━━━━━ Information shown
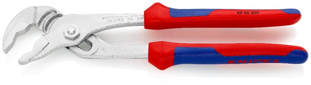 Клещи сантехнические с гребенчатым шарниром KNIPEX KN-8905250 используется для работы с деталями круглого профиля, например, с трубами. Он может применяться и как гаечный ключ. Инструмент имеет пять позиций установки зева, благодаря чему работать проще.
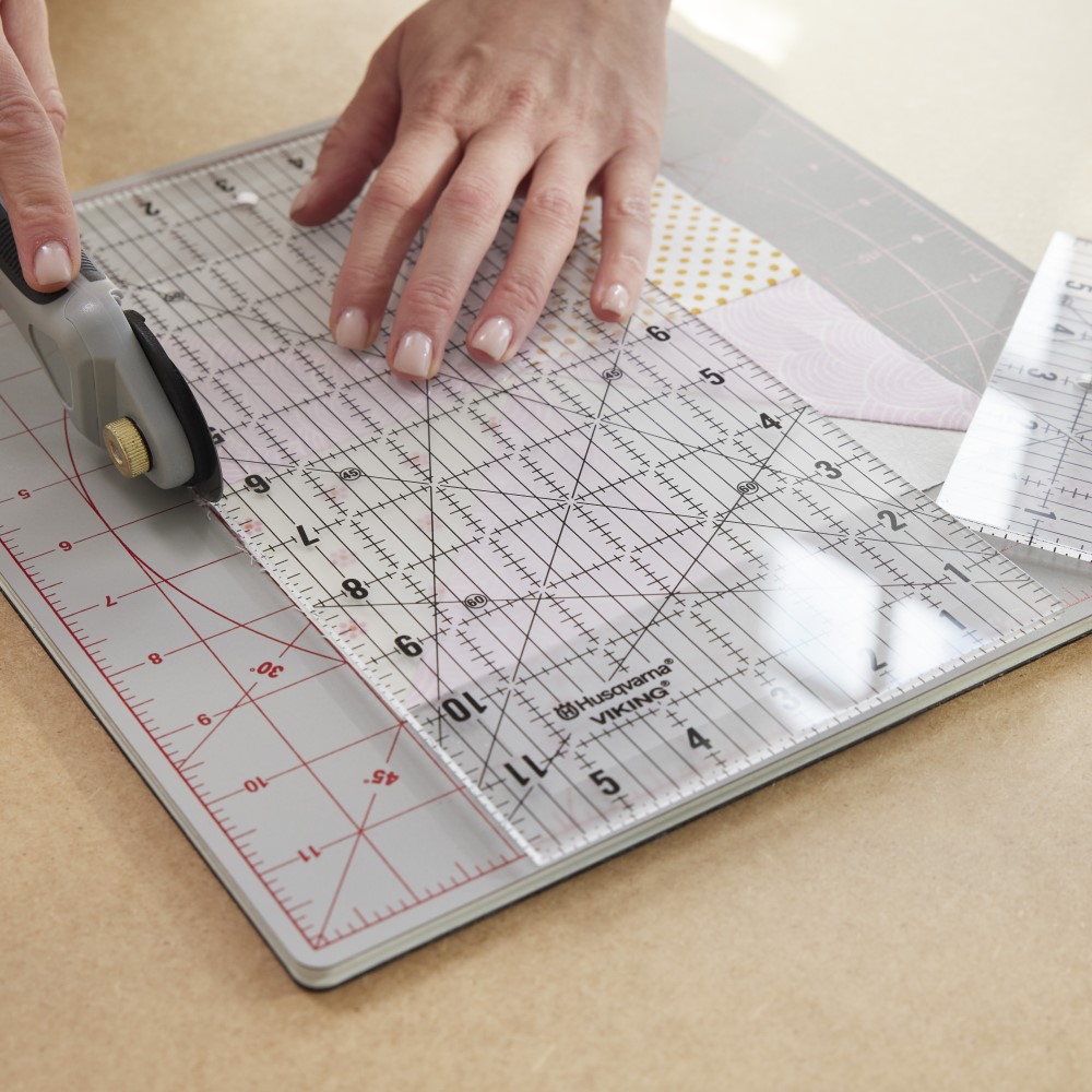 • Quilting Kit (Bevat: Zelfherstellende snijmat, roterend snijgereedschap en reservemesjes, linialenset en naalden)
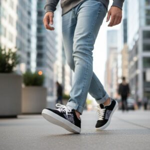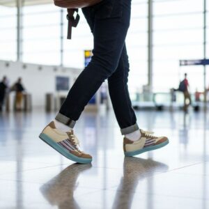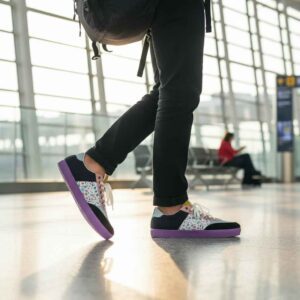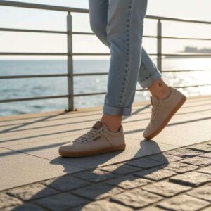 Turnschuhe aus einem grausamkeitsfreien Material, das sich ähnlich wie Leder anfühlt und ähnliche Eigenschaften hat, aber völlig vegan und frei von Tierleid ist.
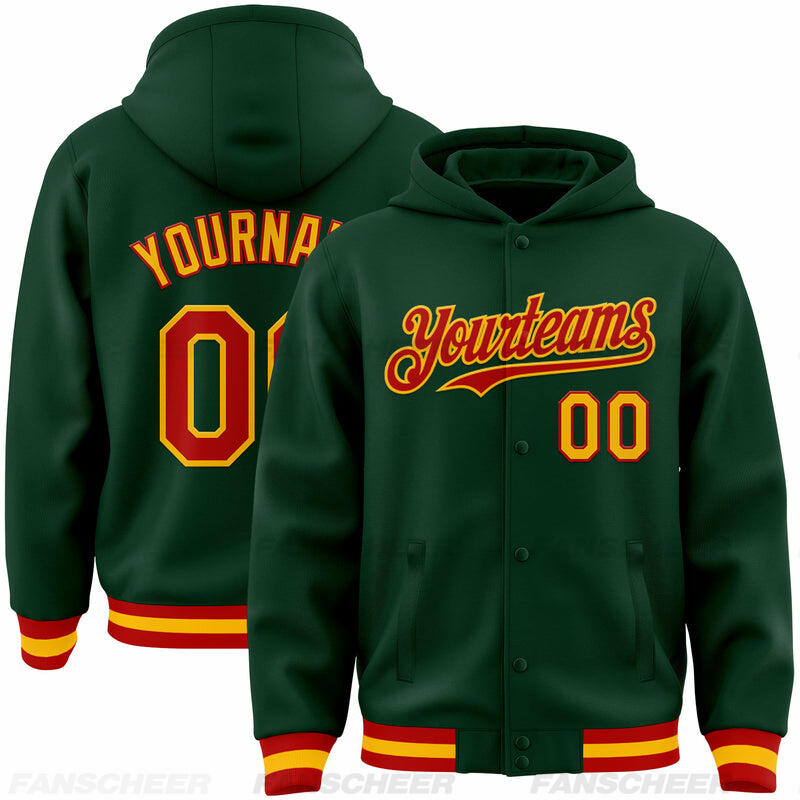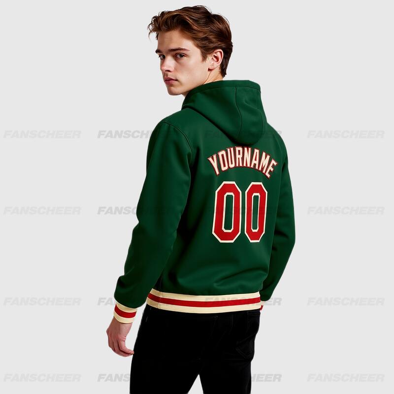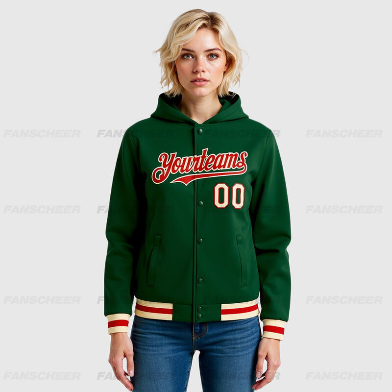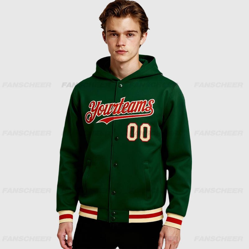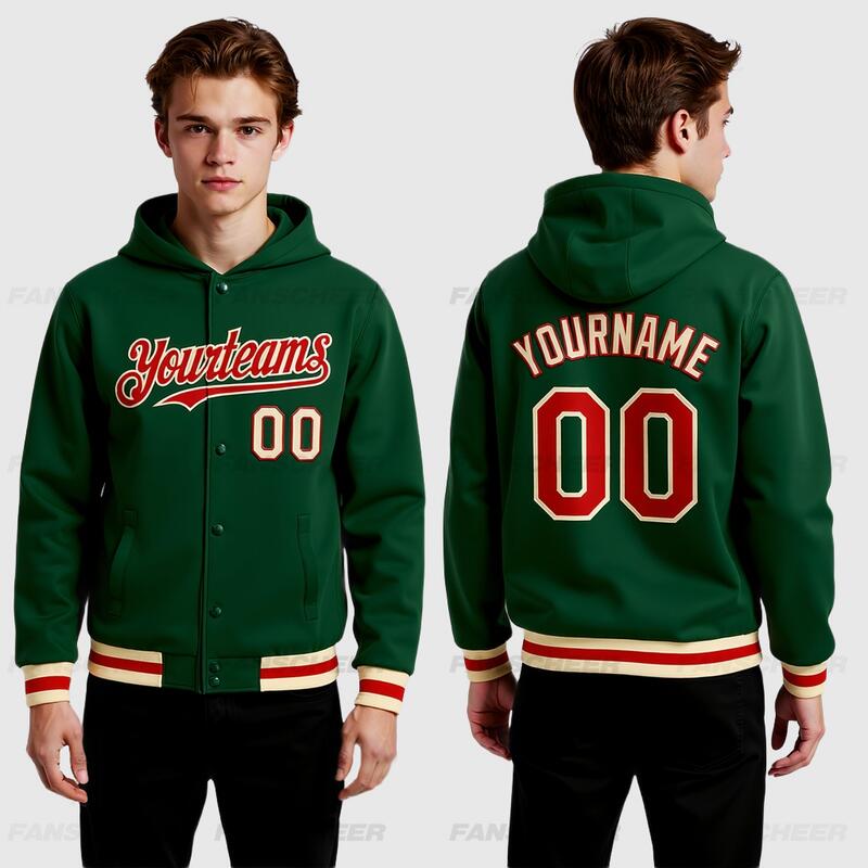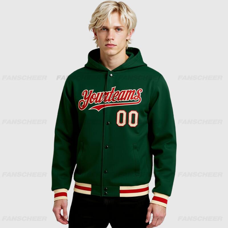 Custom Hoodie Jacket Green Red-Cream Bomber Full-Snap Varsity Letterman Hoodie Jacket
━━━━━━━━━━
* Work instructions
Where the data contains an image, skip the image and copy everything else exactly as it appears.

* Output below
 Клещи сантехнические с гребенчатым шарниром KNIPEX KN-8905250 используется для работы с деталями круглого профиля, например, с трубами. Он может применяться и как гаечный ключ. Инструмент имеет пять позиций установки зева, благодаря чему работать проще.
 • Quilting Kit (Bevat: Zelfherstellende snijmat, roterend snijgereedschap en reservemesjes, linialenset en naalden)
 Turnschuhe aus einem grausamkeitsfreien Material, das sich ähnlich wie Leder anfühlt und ähnliche Eigenschaften hat, aber völlig vegan und frei von Tierleid ist.
 Custom Hoodie Jacket Green Red-Cream Bomber Full-Snap Varsity Letterman Hoodie Jacket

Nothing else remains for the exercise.